Doli mengatakan, tidak ada satu pun negara di dunia yang dapat memprediksi kapan Covid-19 berakhir. Karena itu, pilihan menunda pilkada juga tidak menjamin kondisi tahun 2021 akan lebih baik daripada kondisi saat ini. Sebab, penyakit itu bahkan diprediksikan tidak akan bisa teratasi sampai vaksinnya ditemukan. Namun, hingga saat ini tidak ada yang dapat memastikan kapan vaksin itu ditemukan.
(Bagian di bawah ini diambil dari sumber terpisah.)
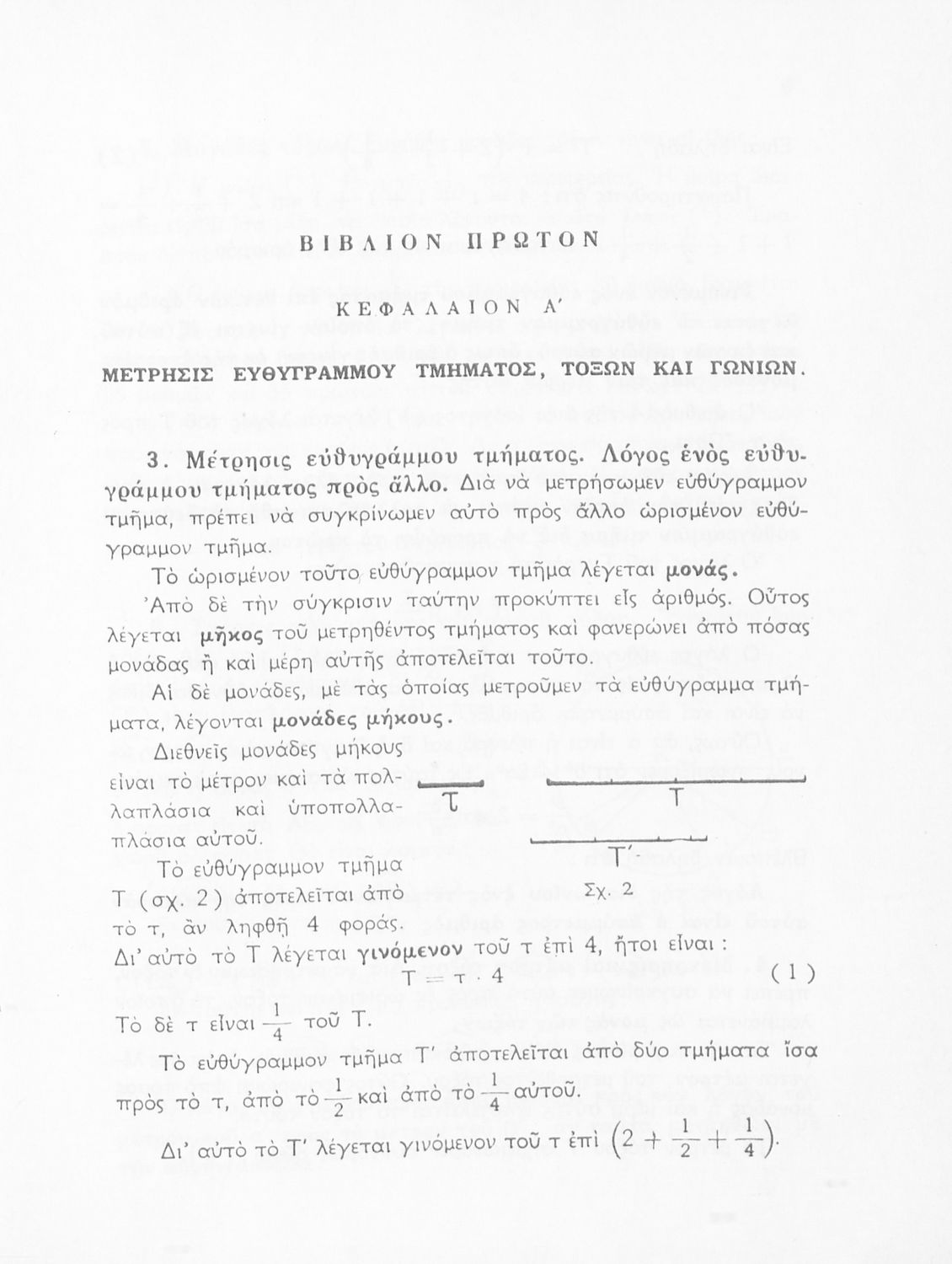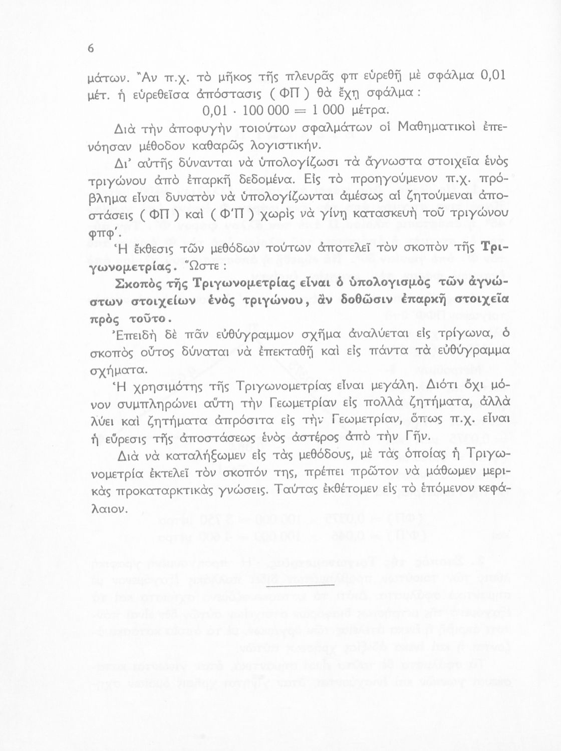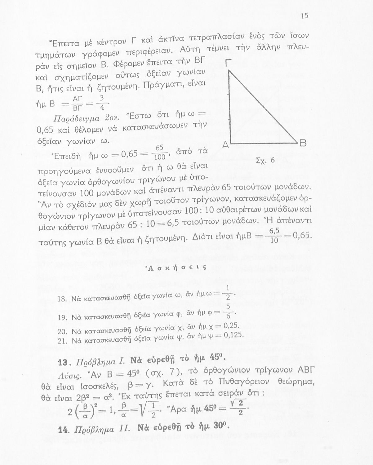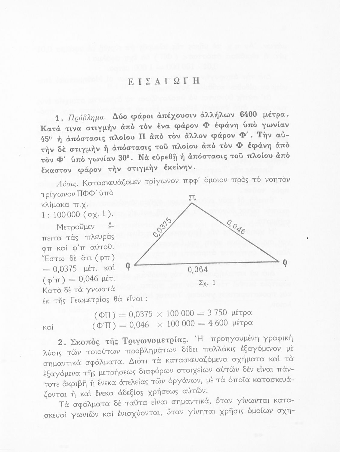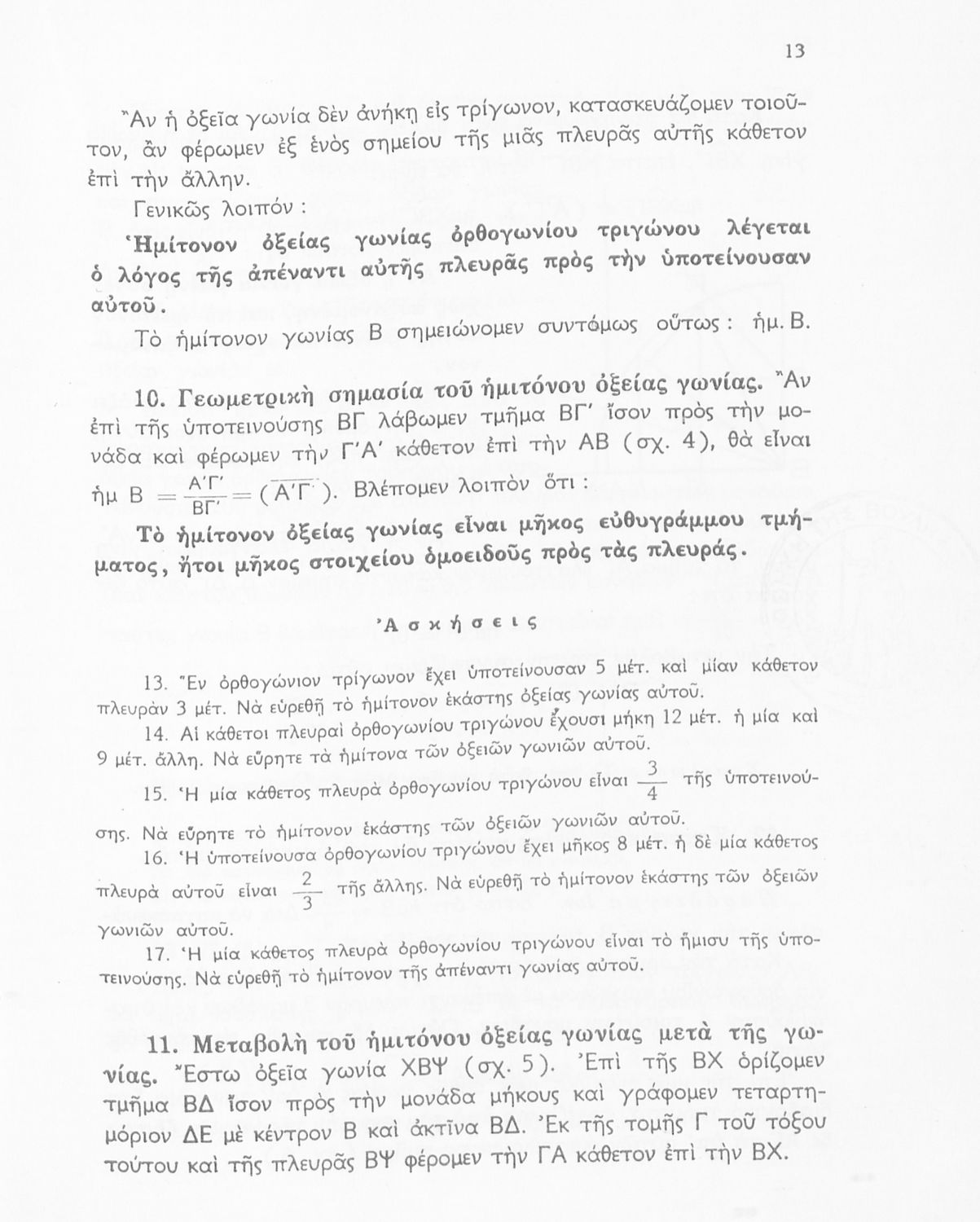 Βαθμίδα εκπαίδευσης: Δευτεροβάθμια Τάξη: Η' Γυμνασίου Μάθημα: Μαθηματικά Γλώσσα: Καθαρεύουσα Παρουσίαση περιεχομένου: Σχολικό εγχειρίδιο Τριγωνομετρίας της ΣΤ΄ Γυμνασίου. Το βιβλίο περιέχει ασκήσεις τριγωνομετρίας. Εισάγει τους μαθητές στα διαφορετικά είδη τριγώνων, τις ιδιότητες και τα χαρακτηριστικά τους καθώς και στον τρόπο υπολογισμού διαφόρων στοιχείων τους όπως το εμβαδόν και η περιφέρεια. |

“Kalau ditunda sampai tahun 2021, apakah bisa dijamin kondisi saat itu akan lebih baik daripada sekarang? Iya kalau lebih baik, tetapi kalau lebih buruk bagaimana? Ini akan membawa dampak berat bagi pemerintahan daerah jika pilkada tidak segera dilakukan,” kata Doli.
Pilihan untuk menunda atau meneruskan pilkada di kala pandemi memang tidak mudah dan problematis. Tetapi, setidaknya dalam setiap putusan itu, pembuat kebijakan mendengarkan masukan dan pendapat dari publik.
Dalam negara demokrasi, upaya itu minimal dapat dilakukan dengan membuka akses publik seluas-luasnya dalam proses pembuatan kebijakan. Namun, jika rapat anggaran saja tertutup dari publik, akankah suara tetap publik didengar dalam pembuatan kebijakan?